To investigate the capacity of our next generation sequencing (NGS) pipeline to be used to non-invasively detect BC after suspicious mammograms, a bioinformatic non-tumour informed analysis was developed. In this analysis, the somatic mutations’ information from solid biopsies was disregarded and only Mutect2 was employed to detect mutations in plasma samples using 1 UMIs families and no filters in variant allele frequencies (VAFs) (see materials and methods). Variants were considered as shredded by the tumour if i) they affected exonic regions, ii) were annotated in the COSMIC, TCGA BC and TCGA databases including all cancer types as well as if iii) there were variant-supporting reads aligned in 2 or more different genomic coordinates manually visualized using the IGV software. Following the mentioned criteria, 25/74 (33.78%) individuals presented tumour mutations detected in their plasma (Fig. 2), 16 of the mutations were not observed in the previous tumour-informed analysis (Additional file 2: Table S6). Amongst them, a new mutation was observed in the TP53 gene in the sample 081MS, different to the one detected in the tumour sequencing (Table 2, Fig. 2, Additional file 2: Table S6). Additionally, ctDNA mutations were found in 8 plasma samples in whose corresponding tumour biopsies no mutations were detected (Fig. 2, Additional file 2: Table S6). Finally, a mutation was found in one plasma sample with no tumour tissue available (Additional file 2: Table S6). Overall, amongst the 25 different plasma mutations, TP53 (13 mutations, 52%), PIK3CA (3 mutations, 12%) and GATA3 (3 mutations, 12%) were the most frequently affected genes (Table 2, Additional file 2: Table S6).

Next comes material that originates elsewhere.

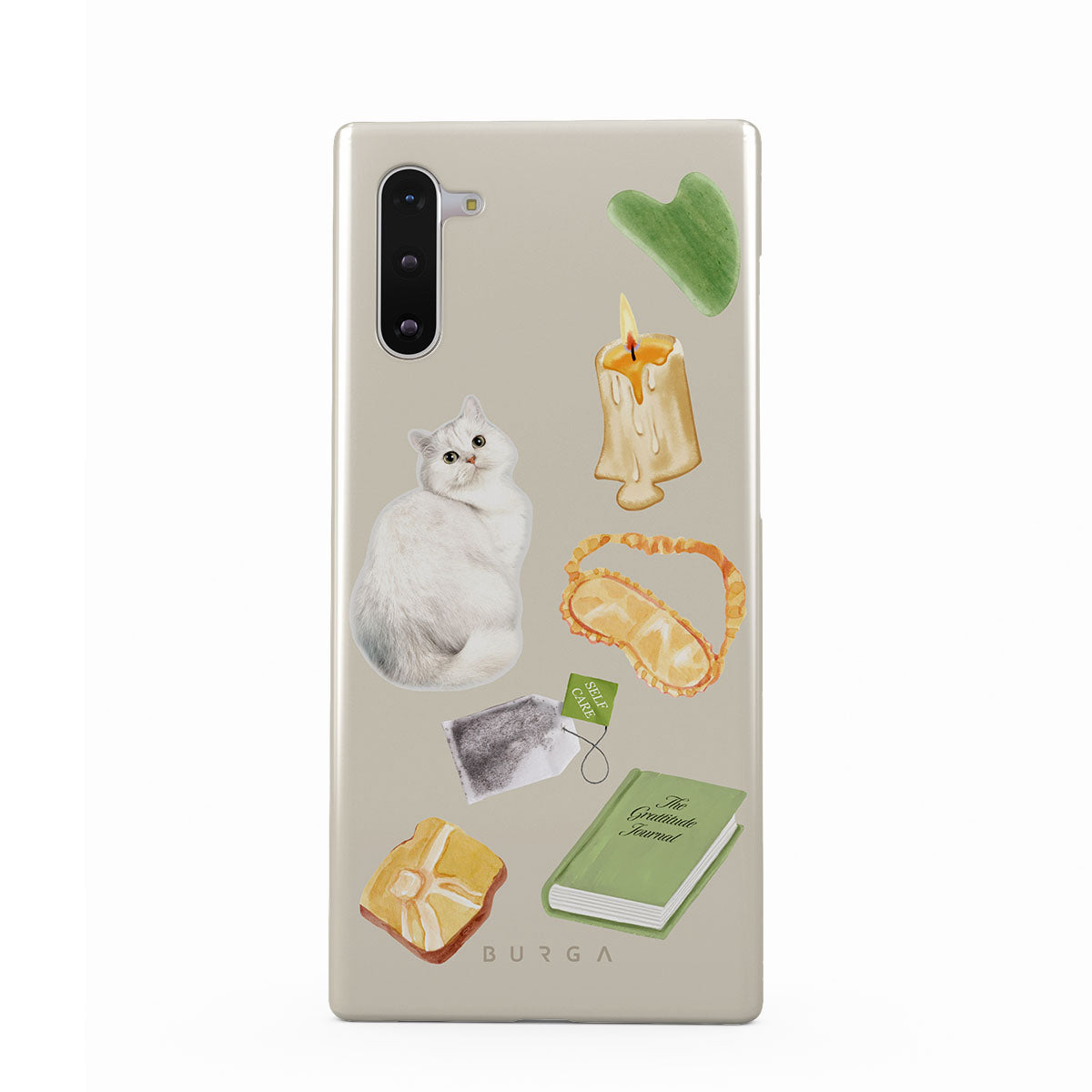 This design features: white cat, green book, candle, Gua Sha bar, sleeping mask, tea bag, yellow crystal
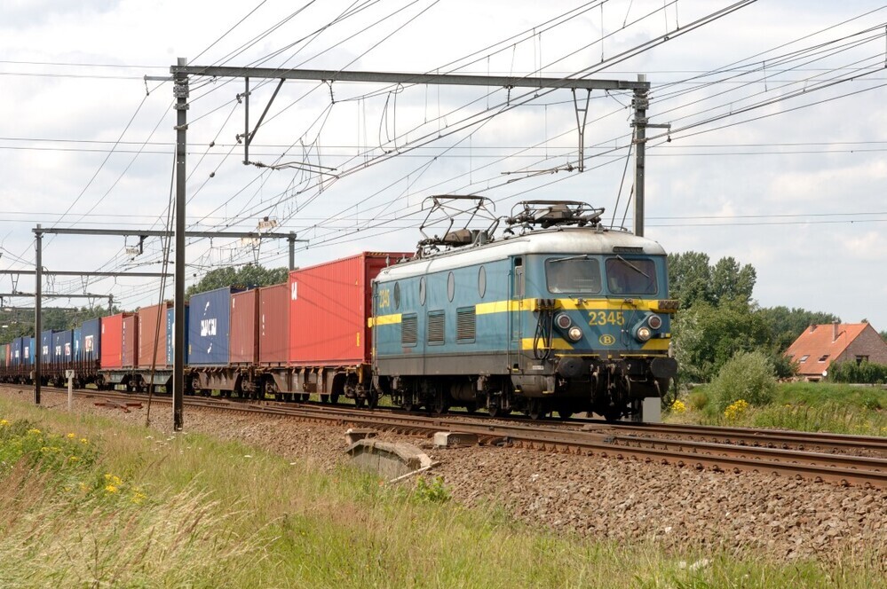 Deze groep bestaat uit drie digitale foto's. Op de foto's zien we een goederentrein op spoorlijn 50 A nabij Hansbeke. De trein bestaat uit platte wagens met containers en wordt gesleept door elektrische locomotief 2345 (reeks 23). De locomotief is blauw geschilder met gele zichtbaarheidsbanden.

Then, 22 plasma samples from healthy individuals were sequenced with the same sequencing panel, protocol conditions and coverage as the plasma samples from patients (Wilcoxon test p-value = 0.7112) (Additional file 1: Figure S6). After applying the same bioinformatic pipeline as for BC cases, mutations were found in the plasma of 3/22 (13.63%) controls (see materials and methods, Additional file 1: Figure S6). One mutation affected the MAP3K1 gene (p.N1125D), which was described in the COSMIC database in one breast cancer tumour sample, one mutation was located in the ERBB2 gene (p.V842I), which has been observed substantially more frequent in colon and endometrial cancers, and an additional one was found in the SMAD4 gene (p.R361H), which is also remarkably frequent in colon adenocarcinoma and pancreatic cancer (Additional file 2: Table S7).

Considering our findings, the employment of the custom capture panel together with an ultra-deep sequencing and a custom non-tumour informed bioinformatic analysis led to a sensitivity of 31.08% (95% CI: 20.83–42.90%), a specificity of 86.36% (95% CI: 65.09–97.09%) and a positive predictive value (PPV) of 88.46% (95% CI: 71.75–95.86%) for breast cancer detection in our cohort.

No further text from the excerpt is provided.